The windowsill hydroponic money saving garden helps you save on the grocery bill by growing your favorite fresh produce indoors.
James B. DeKorne — who lives with his family on a small homestead near El Rito, New Mexico — has had several articles published in MOTHER, including: “Hydroponic Greenhouse Gardening” (MOTHER NO. 29, pages 68-71), “Yes, Virginia, There is a Free Lunch . . . It’s Called the Solar Greenhouse” (MOTHER NO. 36, pages 101-104), “Organic Hydroponics” (MOTHER NO. 39, pages 32-35), and “Feedback on Organic Hydroponics” (MOTHER NO. 40, page 30). — The Editors.

The Windowsill Hydroponic Money Saving Garden
See the hydroponic garden diagrams in the Image Gallery.
Longtime MOTHER readers may remember my articles on greenhouses and hydroponic gardening that have appeared in past issues of this magazine. They may also recall that my original interest in those subjects was whetted because I live in the northwest corner of New Mexico . . . where growing seasons are short and rainfall is scant.

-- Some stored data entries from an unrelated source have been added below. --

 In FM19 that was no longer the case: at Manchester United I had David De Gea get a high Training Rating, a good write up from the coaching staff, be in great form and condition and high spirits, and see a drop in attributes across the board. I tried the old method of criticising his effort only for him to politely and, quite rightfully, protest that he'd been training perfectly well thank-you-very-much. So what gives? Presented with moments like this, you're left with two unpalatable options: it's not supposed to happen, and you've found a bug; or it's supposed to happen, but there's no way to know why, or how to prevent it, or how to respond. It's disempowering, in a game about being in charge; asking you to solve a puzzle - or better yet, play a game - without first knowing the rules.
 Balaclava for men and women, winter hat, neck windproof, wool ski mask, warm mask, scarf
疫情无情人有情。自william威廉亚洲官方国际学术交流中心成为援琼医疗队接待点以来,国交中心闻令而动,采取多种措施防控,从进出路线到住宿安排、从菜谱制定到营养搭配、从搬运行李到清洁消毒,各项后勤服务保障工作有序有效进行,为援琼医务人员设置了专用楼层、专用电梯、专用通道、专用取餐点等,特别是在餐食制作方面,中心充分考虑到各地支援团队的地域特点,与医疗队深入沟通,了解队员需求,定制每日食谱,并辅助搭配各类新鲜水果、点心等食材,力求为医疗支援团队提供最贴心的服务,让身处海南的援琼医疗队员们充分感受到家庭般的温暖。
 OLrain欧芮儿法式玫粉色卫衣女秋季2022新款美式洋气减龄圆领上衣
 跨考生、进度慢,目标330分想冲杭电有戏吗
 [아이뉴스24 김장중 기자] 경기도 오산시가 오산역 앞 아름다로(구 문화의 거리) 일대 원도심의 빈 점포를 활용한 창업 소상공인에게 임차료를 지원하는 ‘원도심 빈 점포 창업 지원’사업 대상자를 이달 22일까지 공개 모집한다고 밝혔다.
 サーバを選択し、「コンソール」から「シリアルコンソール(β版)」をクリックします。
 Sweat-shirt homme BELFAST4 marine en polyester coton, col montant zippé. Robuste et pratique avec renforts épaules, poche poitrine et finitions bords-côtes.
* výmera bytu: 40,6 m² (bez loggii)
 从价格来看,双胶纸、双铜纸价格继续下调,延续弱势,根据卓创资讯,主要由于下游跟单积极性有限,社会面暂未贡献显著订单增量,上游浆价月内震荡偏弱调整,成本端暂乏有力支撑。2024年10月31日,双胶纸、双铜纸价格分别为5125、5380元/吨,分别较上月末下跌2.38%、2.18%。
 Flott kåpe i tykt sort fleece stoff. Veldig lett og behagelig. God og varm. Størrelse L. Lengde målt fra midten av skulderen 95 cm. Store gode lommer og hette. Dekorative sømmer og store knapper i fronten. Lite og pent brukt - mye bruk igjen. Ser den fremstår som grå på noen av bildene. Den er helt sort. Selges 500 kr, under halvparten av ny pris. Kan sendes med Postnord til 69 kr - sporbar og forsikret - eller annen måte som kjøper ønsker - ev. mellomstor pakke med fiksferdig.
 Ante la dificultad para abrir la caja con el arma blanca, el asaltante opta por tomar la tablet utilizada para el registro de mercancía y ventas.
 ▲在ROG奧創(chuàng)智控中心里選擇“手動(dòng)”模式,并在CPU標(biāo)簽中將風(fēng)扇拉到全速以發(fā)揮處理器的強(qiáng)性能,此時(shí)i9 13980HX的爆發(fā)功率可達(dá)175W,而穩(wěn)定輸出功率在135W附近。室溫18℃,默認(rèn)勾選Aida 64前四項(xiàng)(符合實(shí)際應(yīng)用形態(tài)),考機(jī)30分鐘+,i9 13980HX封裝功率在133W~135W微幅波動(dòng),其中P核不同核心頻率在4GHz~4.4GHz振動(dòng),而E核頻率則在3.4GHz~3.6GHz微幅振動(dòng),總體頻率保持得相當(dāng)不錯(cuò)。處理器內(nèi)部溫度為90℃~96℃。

A few years ago, I slowly became fascinated by the idea of using one or more hydroponic greenhouses to beat these gardening limitations. And then, before I knew what was happening, I found my fascination turning almost into an obsession. Darn it! I really began to relish the challenge of growing an absolute maximum amount of fresh, tasty food in the smallest practical space over the longest possible period of time. Result: My family’s experiments with hydroponic window boxes last winter convinced me that almost anyone should be able to produce an amazing amount of green and leafy salad fare in just an average-sized window.
The Hydroponic Gardening Began Last December
On December 18, 1976, we planted three 11 by 19-inch hydroponic gardens with lettuce and Chinese cabbage seeds and placed them in our bedroom window. We added a fourth tray to the first three on January 21, 1977.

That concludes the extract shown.